Representatives of an auto industry reeling from the recession say they are terrified of a national patchwork of regulation, in which some vehicles are only legal in some states.

"It's like a contest to see how fast you could put the automakers out of business," said Bob Glaser, a Raleigh lobbyist for the N.C. Automobile Dealers Association. "All of the big SUVs and big trucks won't qualify for this. The day of the F 250, the farm truck, the truck that pulls your boat [will be] over. You just won't be able to get them."

Joe Wiedholz, general manager of University Ford in Chapel Hill, said he was concerned that adoption of the California standards would hurt local dealers.

"It's going to be hard on everybody in our area," Wiedholz said. "Trying to work with the environment is good, but it needs to be taken in steps, not one big swoop."

Harrison said the bill is a necessary measure, not a punishment, for the American auto industry.

"Can I say how frustrated I am that we're bailing them out?" Harrison said. "If they had made these changes years ago, they'd be in much better shape. Instead, they've fought tooth and nail for tax breaks to sell their Hummers."

Harrison and other supporters of the bill believe that last November's election results shifted the political winds in their favor.

"Now that Obama's in the White House, we have a fighting chance on these things," Kinnaird said.

California and more than a dozen states that followed its lead were thwarted in their efforts to implement higher emissions standards by the EPA under the Bush administration. President Barack Obama, though, has encouraged environmental regulators to allow states to raise their standards higher than the federally mandated Corporate Average Fuel Economy (CAFE) levels. Obama has proposed CAFE standards that would raise fuel economy, but not by as much as the California standards.

The EPA plans to announce a decision in June.

Supporters note that North Carolina's approval of the legislation would mean nearly 50 percent of the United States' population lived in states with higher emissions standards (most other adoptees are populous states), thus forcing automakers to pursue a higher standard overall, rather than manufacturing cars of differing efficiency levels.

"The more states that move forward, the more pressure there is for manufacturers," said Molly Diggins, state director of the North Carolina Sierra Club.

"[The legislature's] past hesitation was not around the cost, it was around the roadblocks from the Bush administration," said Margaret Hartzell, global warming advocate for Environment North Carolina (ENC), a Raleigh-based nonprofit. "The Obama administration has given the green light."

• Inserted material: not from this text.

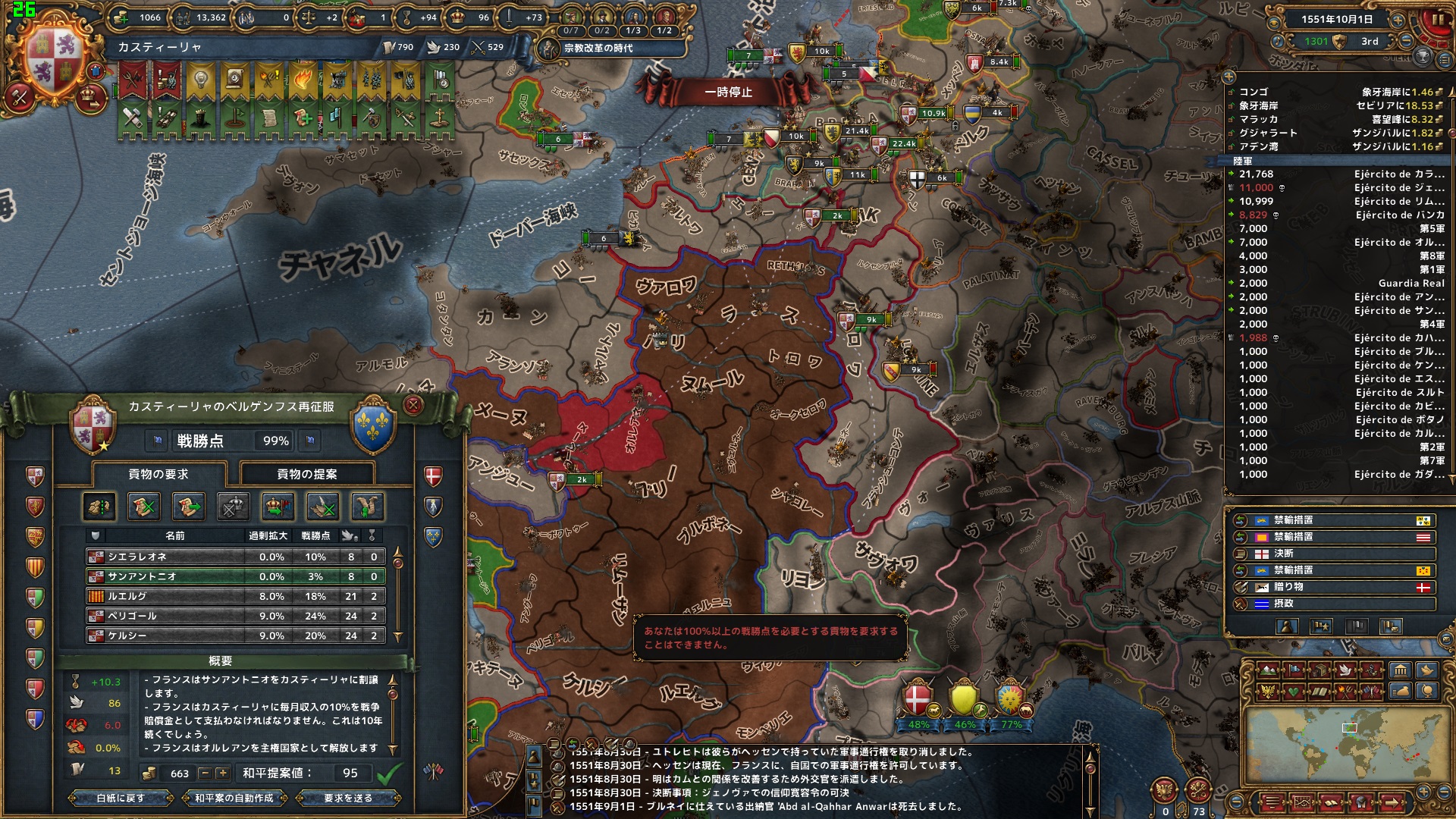 ここに来てできるだけアラゴンを大きくしてからイベント併合したいと考え、この時は小さいAEで多くの州を渡そうとして3プロビを渡している。
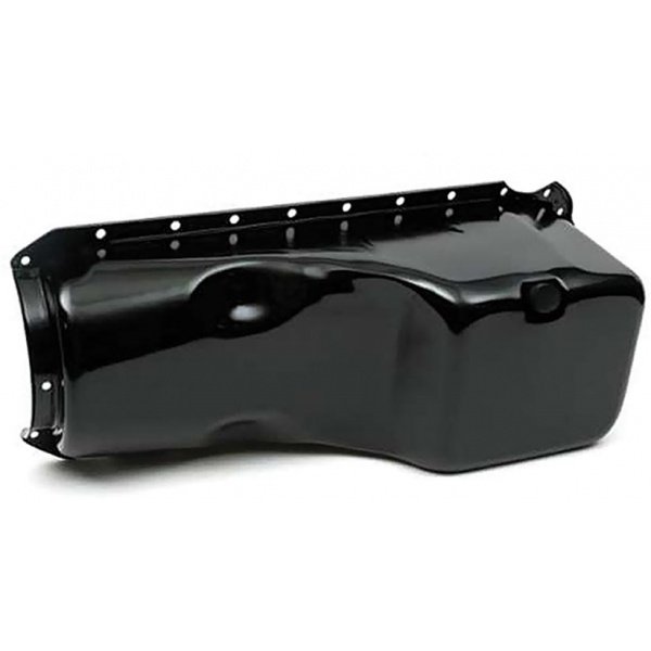 Chevy big block stock capacity chrome oil pan fits 1965-1990 V8 396-402-427-454 engines. 4 quart (stock) capacity. The dipstick is on the passenger side. You can use the original oil pump pickup. This oil pan does not fit Gen V motors with a one-piece rear main seal or 1962-67 Chevy II Chevelle's with steering behind the crossmember. DOES NOT COME WITH OIL PUMP PICK UP.

A study by the N.C. Department of Environment and Natural Resources' (DENR) Air Quality Division, released in January, projected that the California standards would reduce greenhouse gas emissions from mobile sources nearly 40 percent more than the federal standards. (Cars and trucks account for nearly 30 percent of the state's total air pollution, according to DENR.)

And a study conducted by ENC projected a 10 percent decrease in the state's overall automobile greenhouse gas emissions by 2020 if the California standards were to be adopted. Though the tougher standards would likely raise the average cost of a new car by more than $1,000, ENC claims that consumers would save an average of $20 a month overall (with gas at $3 per gallon), given the decrease in fuel consumption.

"It's a benefit to the environment and even better for consumers," Hartzell said.

UNC-Chapel Hill epidemiologist Steve Wing took a slightly stronger tack.

"The idea that we consume more than the rest of the world is appalling," Wing said, strapping a bag of oranges to the rack on his bicycle outside Carr Mill Mall. "The amount of greenhouse gases contributed by the biggest SUVs is like pissing in the ocean."